Although this statement may appear to be close to the line, we do not construe it to be an improper comment on defendant's failure to take the stand in view of the lack of objection, the court's instructions previously adverted to, and the insignificance of the statement. State v. Burrell, 102 Ariz. 136, 426 P.2d 633 (1967), where the comment, "Now, Bobby ____ said nothing. What have you heard?" was deemed harmless under Chapman v. State of California, 386 U.S. 18, 87 S.Ct. 824, 17 L.Ed.2d 705 (1967). Additionally, in Burrell, objection was made.
It is finally contended that prejudicial error was committed in permitting the state's witness to read to the jury from the police report over hearsay objection. The trial judge explained that the "* * * reason for * * * allowing portions of Mr. Pulse's statement to the detective to be read to the jury is that the defense attorney by his cross examination has injected the issue of whether or not certain statements that were made by Mr. Pulse on the witness stand were recent fabrications or at least inconsistent with his earlier statements concerning the incident. So for that reason I allowed prior consistent statements which were consistent with his testimony at this time to be read to the jury." Defense counsel had cross examined Mr. Pulse concerning his failure to mention at the preliminary hearing that the appellant had stated shortly after Mr. Pulse had shot him, that "You had a right to shoot me." On redirect, the prosecutor pointed out that the defense had raised the issue of Mr. Pulse's failure to mention that statement during the preliminary hearing.

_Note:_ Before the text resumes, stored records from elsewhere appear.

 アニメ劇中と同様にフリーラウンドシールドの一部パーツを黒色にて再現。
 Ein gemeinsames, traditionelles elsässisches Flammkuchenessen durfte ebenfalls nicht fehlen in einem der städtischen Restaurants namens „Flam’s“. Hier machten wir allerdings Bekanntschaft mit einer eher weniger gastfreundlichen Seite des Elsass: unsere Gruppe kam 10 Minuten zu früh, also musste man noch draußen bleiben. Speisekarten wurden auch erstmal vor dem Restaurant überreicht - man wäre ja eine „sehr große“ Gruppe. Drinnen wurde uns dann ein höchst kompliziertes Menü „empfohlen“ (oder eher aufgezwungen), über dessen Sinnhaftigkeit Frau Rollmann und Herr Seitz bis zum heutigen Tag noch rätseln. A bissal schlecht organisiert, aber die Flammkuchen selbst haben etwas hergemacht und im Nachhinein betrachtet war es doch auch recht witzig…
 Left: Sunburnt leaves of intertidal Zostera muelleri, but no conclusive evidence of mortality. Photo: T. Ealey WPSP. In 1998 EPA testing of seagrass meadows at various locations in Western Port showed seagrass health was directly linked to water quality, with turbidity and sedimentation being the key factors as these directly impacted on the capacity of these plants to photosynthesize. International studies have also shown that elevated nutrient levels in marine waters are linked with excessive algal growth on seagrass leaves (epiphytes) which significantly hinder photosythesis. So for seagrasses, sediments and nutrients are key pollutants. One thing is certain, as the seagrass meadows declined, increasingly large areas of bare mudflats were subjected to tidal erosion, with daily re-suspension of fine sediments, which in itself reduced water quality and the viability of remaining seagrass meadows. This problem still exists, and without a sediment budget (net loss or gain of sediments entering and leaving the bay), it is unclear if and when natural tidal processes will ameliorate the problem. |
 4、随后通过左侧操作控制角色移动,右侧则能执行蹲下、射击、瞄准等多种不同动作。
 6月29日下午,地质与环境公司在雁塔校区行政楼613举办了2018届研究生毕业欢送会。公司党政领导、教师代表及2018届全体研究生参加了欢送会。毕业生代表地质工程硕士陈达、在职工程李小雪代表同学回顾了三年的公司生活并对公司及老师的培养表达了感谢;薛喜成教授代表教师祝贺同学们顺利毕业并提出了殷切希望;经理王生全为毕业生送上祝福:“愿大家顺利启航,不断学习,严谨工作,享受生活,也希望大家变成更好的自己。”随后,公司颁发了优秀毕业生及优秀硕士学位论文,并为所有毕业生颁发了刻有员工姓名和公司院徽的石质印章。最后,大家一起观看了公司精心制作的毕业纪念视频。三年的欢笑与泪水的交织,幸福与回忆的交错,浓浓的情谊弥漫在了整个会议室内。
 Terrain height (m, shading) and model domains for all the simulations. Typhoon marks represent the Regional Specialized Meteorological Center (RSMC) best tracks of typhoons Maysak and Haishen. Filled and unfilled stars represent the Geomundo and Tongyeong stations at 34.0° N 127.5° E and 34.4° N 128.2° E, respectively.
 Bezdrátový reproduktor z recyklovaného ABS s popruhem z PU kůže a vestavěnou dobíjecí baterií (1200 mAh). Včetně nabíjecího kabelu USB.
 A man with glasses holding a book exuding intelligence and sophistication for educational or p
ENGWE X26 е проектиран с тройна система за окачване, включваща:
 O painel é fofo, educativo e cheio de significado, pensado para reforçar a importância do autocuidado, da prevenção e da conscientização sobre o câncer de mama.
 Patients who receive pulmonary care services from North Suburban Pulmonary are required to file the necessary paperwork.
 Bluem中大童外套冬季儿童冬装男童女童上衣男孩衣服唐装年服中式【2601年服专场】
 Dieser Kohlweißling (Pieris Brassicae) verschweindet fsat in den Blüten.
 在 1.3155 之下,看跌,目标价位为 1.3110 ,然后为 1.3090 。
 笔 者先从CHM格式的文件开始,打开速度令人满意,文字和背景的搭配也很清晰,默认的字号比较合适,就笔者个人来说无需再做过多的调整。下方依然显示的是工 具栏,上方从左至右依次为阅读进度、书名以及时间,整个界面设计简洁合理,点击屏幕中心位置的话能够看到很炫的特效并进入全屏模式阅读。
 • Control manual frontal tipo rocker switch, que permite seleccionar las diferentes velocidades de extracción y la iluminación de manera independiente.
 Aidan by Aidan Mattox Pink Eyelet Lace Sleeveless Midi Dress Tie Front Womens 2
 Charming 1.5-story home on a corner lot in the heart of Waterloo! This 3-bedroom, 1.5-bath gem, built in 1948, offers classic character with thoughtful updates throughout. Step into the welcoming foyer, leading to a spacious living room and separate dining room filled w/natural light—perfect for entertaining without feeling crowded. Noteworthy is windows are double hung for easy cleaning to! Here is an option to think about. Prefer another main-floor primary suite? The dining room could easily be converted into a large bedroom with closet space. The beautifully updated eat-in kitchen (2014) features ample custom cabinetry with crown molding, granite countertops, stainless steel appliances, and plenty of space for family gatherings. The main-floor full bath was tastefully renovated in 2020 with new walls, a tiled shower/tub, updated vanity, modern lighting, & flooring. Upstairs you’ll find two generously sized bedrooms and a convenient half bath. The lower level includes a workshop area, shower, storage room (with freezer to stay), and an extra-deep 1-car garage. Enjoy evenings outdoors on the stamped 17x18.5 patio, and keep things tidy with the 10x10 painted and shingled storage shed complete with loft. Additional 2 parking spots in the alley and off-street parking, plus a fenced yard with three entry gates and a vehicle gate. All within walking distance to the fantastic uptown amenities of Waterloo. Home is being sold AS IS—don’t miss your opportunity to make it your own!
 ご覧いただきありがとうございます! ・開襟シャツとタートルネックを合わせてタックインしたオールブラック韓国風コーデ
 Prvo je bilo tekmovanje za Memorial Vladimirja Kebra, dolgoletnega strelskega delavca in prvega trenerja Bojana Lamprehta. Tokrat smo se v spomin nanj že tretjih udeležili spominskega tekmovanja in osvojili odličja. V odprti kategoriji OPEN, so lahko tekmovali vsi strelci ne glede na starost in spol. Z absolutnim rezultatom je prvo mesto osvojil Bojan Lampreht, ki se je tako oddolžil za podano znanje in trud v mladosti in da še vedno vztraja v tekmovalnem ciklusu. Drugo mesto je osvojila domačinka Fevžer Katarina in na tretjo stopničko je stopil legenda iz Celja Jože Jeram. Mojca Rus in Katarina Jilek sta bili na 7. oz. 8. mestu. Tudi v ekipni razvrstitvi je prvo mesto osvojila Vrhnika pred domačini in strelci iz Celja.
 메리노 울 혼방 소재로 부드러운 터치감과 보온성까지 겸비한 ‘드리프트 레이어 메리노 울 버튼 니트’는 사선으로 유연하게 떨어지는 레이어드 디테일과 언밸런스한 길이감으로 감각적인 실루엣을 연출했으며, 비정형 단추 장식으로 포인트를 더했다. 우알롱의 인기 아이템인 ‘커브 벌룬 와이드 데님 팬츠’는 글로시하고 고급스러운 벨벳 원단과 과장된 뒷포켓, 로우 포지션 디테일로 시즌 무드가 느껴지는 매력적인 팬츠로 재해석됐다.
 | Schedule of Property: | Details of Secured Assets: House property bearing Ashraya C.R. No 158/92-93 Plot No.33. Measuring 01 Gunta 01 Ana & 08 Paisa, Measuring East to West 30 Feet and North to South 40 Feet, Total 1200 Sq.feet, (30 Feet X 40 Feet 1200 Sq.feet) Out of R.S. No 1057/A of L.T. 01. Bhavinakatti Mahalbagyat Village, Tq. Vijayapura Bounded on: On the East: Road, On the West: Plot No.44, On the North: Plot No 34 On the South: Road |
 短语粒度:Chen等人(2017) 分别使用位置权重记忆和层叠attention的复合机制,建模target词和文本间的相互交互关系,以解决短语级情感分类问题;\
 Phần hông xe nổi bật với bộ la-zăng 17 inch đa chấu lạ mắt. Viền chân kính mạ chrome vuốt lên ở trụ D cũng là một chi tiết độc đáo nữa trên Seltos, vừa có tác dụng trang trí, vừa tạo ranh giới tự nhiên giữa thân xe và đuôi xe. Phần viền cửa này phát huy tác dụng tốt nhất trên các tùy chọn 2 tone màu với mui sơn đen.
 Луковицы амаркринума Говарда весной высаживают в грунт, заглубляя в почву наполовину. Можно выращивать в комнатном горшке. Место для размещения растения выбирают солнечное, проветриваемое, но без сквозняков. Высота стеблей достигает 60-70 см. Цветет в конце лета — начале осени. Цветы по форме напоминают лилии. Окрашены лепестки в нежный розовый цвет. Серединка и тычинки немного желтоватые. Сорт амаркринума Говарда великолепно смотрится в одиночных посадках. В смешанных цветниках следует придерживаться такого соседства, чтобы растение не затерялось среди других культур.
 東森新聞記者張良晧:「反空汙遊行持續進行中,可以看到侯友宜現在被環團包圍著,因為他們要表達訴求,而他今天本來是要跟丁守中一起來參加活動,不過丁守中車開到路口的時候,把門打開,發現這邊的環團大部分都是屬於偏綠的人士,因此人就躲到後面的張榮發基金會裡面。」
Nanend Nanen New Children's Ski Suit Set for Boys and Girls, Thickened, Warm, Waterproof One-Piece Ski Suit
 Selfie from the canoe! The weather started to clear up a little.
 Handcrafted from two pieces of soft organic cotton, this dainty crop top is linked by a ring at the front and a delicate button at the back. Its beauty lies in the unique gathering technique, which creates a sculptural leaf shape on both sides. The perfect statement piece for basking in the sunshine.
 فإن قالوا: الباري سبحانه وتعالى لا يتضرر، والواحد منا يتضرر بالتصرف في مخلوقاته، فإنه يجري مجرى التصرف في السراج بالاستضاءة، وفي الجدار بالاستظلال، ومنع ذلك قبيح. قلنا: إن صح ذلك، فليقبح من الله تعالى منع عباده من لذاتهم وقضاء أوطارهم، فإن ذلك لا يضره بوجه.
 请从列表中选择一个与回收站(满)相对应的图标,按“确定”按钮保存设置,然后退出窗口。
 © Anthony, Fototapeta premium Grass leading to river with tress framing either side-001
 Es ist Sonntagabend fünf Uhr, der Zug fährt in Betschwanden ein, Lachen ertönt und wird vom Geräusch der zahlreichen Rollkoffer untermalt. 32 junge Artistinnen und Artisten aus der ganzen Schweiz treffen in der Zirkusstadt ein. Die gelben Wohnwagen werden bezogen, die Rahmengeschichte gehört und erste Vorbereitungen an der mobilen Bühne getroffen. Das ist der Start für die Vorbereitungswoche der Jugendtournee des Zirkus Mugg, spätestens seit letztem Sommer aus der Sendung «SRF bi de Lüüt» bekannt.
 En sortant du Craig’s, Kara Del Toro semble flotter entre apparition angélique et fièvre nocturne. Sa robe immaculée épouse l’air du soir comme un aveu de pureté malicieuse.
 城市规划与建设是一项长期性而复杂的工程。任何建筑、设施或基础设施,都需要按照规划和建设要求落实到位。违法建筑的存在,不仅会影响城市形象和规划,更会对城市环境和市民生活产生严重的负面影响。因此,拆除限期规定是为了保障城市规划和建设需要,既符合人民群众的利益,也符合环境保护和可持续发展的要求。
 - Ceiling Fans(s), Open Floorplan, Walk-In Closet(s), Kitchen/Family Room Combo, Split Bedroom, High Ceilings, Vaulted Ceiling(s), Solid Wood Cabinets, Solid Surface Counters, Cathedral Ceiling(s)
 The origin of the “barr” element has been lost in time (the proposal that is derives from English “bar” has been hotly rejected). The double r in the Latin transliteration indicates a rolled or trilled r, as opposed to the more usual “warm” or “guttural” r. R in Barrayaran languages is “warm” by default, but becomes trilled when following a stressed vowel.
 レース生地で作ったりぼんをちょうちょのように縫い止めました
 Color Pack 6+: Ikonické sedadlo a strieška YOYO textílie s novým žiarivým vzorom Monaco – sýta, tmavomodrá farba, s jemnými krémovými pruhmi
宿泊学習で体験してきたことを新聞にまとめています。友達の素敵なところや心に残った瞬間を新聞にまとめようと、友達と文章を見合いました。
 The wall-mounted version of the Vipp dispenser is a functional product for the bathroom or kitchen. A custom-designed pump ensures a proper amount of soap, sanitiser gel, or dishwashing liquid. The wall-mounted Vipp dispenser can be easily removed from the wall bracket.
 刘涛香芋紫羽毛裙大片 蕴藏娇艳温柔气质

"A failure to assert a fact, when it would have been natural to assert it, amounts in effect to an assertion of the non-existence of the fact." Wigmore on Evidence, Vol. 111A, § 1042 at 1056.
Therefore, Mr. Pulse had, in effect, been impeached by self-contradiction. The use of prior consistent statements is proper for rehabilitation where an issue of recently contrived testimony is injected. State v. Murley, 35 Wn.2d 233, 212 P.2d 801 (1949); People v. Kynette, 15 Cal.2d 731, 104 P.2d 794 (1940); People v. Rosoto, 58 Cal.2d 304, 23 Cal.Rptr. 779, 373 P.2d 867 (1962) (see footnote one to § 1129, Wigmore on Evidence, Vol. IV at 206 for collected cases).
Appellant takes the position that State v. Lane, 69 Ariz. 236, 211 P.2d 821 (1949) requires reversal when prior inconsistent statements of a witness are introduced. The situation in Lane, supra, is much different than here. In Lane, the state was attempting to impeach its own witness by prior inconsistent statements whereas in the present case the statements are being used to rehabilitate a state's witness that had earlier been impeached by the defense. State v. Lane, supra, does not apply.
KRUCKER, C.J., and HOWARD, J., concur.